Jesus preached "not in the incendiary rhetoric of the prophet or the systematic abstractions of the theologian but in the language of images and metaphor, which is finally the only language you can use if you want not just to elucidate the hidden thing but to make it come alive" (62).
"What is the kingdom of God? [Jesus] does not speak of a reorganization of society as a political possibility or of the doctrine of salvation as a doctrine. He speaks of what it is like to find a diamond ring that you thought you'd lost forever. He speaks of what it is like to win the Irish Sweepstakes. He suggests rather than spells out. He evokes rather than explains. He catches by surprise. He doesn't let the homiletic seams show. He is sometimes cryptic, sometimes obscure, sometimes irreverent, always provocative. He tells stories. He speaks in parables" (62-3).
"I think that these parables can be read as jokes about God in the sense that what they are essentially about is the outlandishness of God who does impossible things with impossible people, and I believe that the comedy of them is not just a device for making the truth that they contain go down easy but that the true that they contain can itself be thought of as comic" (66).
"The fatted calf, the best Scotch, the hoedown could all have been [the elder brother's], too, any time he asked for them except that he never thought to ask for them because he was too busy trying cheerlessly and religiously to earn them" (69).
"Because although what the angel says may be too good to be true, who knows? Maybe the truth of it is that it's too good not to be true" (71).
"The preacher tells the truth by speaking of the visible absence of God because if he doesn't see and own up to the absence of God in the world, then he is the only one there who doesn't see it, and who then is going to take him seriously when he tries to make real what he claims also to see as the invisible presence of God in the world? Sin and grace, absence and presence, tragedy and comedy, they divide the world between them and where they meet head on, the Gospel happens" (71).
"You enter the extraordinary by way of the ordinary" (78).
"Maybe above all [fairy tales] are tales about transformation where all creatures are revealed in the end as what they truly are" (79).
"Good and evil meet and do battle in the fairy-tale world much as they meet and do battle in our world, but in fairy tales the good live happily ever after. That is the major difference" (82).
"I suspect that the whole obsession of our time with the monstrous in general--with the occult and the demonic, with exorcism and black magic and the great white shark--is at its heart only the shadow side of our longing for the beautific" (86).
"But the whole point of the fairy tale of the Gospel is, of course, that he is the king in spite of everything" (90).
"That is the Gospel, this meeting of darkness and light and the final victory of light. That is the fairy tale of the Gospel with, of course, the one crucial difference from all other fairy tales, which is that the claim made for it is that it is true, that it not only happened once upon a time but has kept on happening ever since and is happening still" (90).

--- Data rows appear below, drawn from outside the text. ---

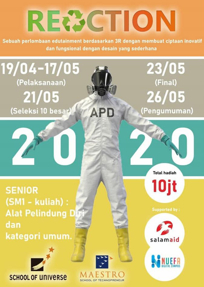 Re-action awalnya adalah acara rutin tahunan di School of Universe, namun karena kondisi School from Home (SFH), acara ini digelar secara online. Pengerjaan project oleh pesertapun dilakukan dirumah masing-masing. Tentunya orang tua boleh membantu karena ini juga menjadi tujuan kurikulum SFH School of Universe, yakni Orang tua berperan menjadi guru bagi anak-anaknya di rumah. Proses penjurianpun dilakukan secara online dimana peserta mempresentasikan langsung di depan para juri. Tiga orang Juri yang dipilih bukan sembarangan, karena mereka merupakan pakar dibidangnya masing-masing. Ada Prof. Herman yang merupakan dosen Fakultas Teknik Universitas Indonesia, Pak Rudi Farid yang merupakan maestro di bidang desain produk, serta Kak Firdaus seorang alumni School of Universe dan Maestro School of Technopreneur yang sukses menjalankan bisnisnya.
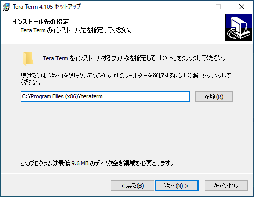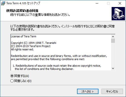 ダウンロードした teraterm-4.105.exe を実行します。
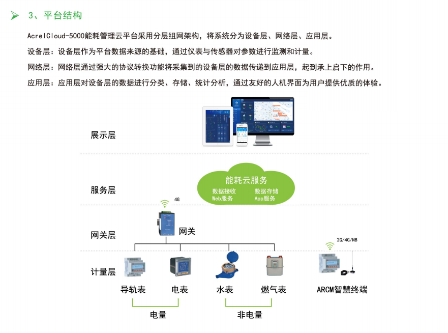 AcrelCloud-5000能耗管理云平臺采用泛在物聯、云計算、大數據、移動通訊、智能傳感等技術手段可為用戶提供能源數據采集、統計分析、能效分析、用能預警、設備管理等服務,平臺可以廣泛應用于多種領域

"With his fabulous tale to proclaim, the preacher is called in his turn to stand up in his pulpit as fabulist extraordinary, to tell the truth of the Gospel in its highest and wildest and holiest sense. This is his job, but more often than not he shrinks from it because the truth he is called to proclaim, like the fairy tale, seems in all but some kind of wistful, faraway sense too good to be true, and so the preacher as apologist instead of fabulist tries as best he can to pare it down to a size he thinks the world will swallow...So homiletics becomes apologetics. The preacher exchanges the fairy tale truth that is too good to be true for a truth that instead of drowning out all the other truths the world is loud with is in some kind of harmony with them" (91-2).
"For the sake, as he sees it, of the ones he preaches to, the preacher is apt to preach the Gospel with the high magic taken out, the deep mystery reduced to a manageable size" (96).
"No matter how forgotten and neglected, there is a child in all of us who is not just willing to believe in the possibility that maybe fairy tales are true after all but who is to some degree in touch with that truth" (96-7).
"The joke of it is that often it is the preacher who as steward of the wildest mystery of them all is the one who hangs back, prudent, cautious, hopelessly mature and wise to the last when no less than Saint Paul tells him to be a fool for Christ's sake, no less than Christ tells him to be a child for his own and the kingdom's sake" (98).